You might think that such a court proceeding could never happen in the United States -- but you'd be wrong.
It happened not long ago to the father of an American-Indian child in South Dakota. What's more, many similar hearings in which Indian children are removed from their homes for no reasons given to the parents occur at least 100 times a year in Rapid City, South Dakota, alone.
Congress passed the Indian Child Welfare Act (ICWA) in 1978 in an effort to stop American-Indian families from having their children removed by state and local officials for invalid and sometimes even racist reasons. Yet 36 years later, Indian children in South Dakota are 11 times more likely to be removed from their families and placed in foster care than non-Indian children.
The ACLU filed a lawsuit in March 2013 in federal court on behalf of the Oglala Sioux and the Rosebud Sioux tribes in South Dakota and on behalf of a class of all Indian families living in Rapid City, South Dakota, the state's second largest city. We sued state and local officials who, we contend, repeatedly violate ICWA.
We recently examined 120 transcripts of initial custody hearings -- known as "48-hour" hearings -- held during the past four years involving Indian children. Nearly 100 percent of the time, Indian children were removed from their homes in those hearings. The average length of time those hearings took was less than 4 minutes. Within that time, of the six different judges that oversaw the hearings, not one judge ever told one Indian parent that they have a right to contest the State's petition for temporary custody of their children in the hearing on the petition.
During those hearings, the parents were not told the reasons for the removal, not provided with an attorney, not allowed to submit any evidence, and not allowed to cross-examine the Social Services worker who had submitted an affidavit against them.
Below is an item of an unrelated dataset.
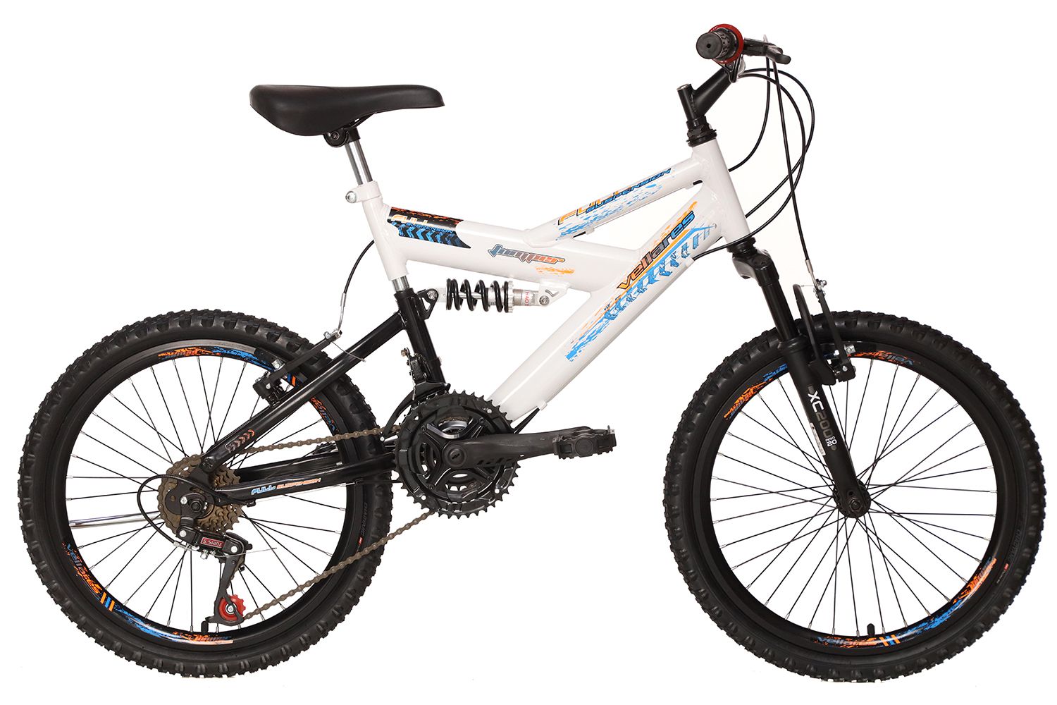 BICICLETA VELLARES JUMPER ARO 20 DUPLA SUSPENSÃO 21M LARANJA/AZUL

In most cases, the parents were not even allowed to see the affidavit.
And what were the parents in these hearings "guilty" of? Here is a snapshot of some of the cases discussed in the transcripts:
- A mother abused by her boyfriend lost custody of her child even though the abuser was not being allowed to return to the home. Before the judge's decision, the mother pleaded with the judge not to punish her for what the abuser had done.
- A father going through divorce was denied custody of his children solely because his estranged wife got into trouble with the police, even though no evidence was introduced suggesting that the children would be at risk staying with the father.
- A mother lost custody of her daughter merely because the daughter's babysitter had become intoxicated, without any showing that the mother knew that such a thing might occur.
- A father who tried to discuss the merits of his case was interrupted by the judge and told that the details of child custody removals were not to be discussed in 48-hour hearings, and then the judge signed an order removing the child from the father's custody.
Our lawsuit seeks to stop state judges and social workers from continuing to remove Indian children from their homes unless the parents are provided with basic guarantees of due process of law and rights afforded 36 years ago in ICWA These include the right to a fair and prompt hearing, the right to notice of the charges against them, the right to an attorney, the right to present evidence, and the right to cross-examine the state's witnesses.
Based on the 120 transcripts, we recently filed motions asking the federal court to rule that South Dakota officials engage in a pattern and practice of denying Indian families and Indian tribes their basic rights to fairness under ICWA and the Constitution.
Ultimately, we hope to restore justice to a group of people whom our legal system has repeatedly failed.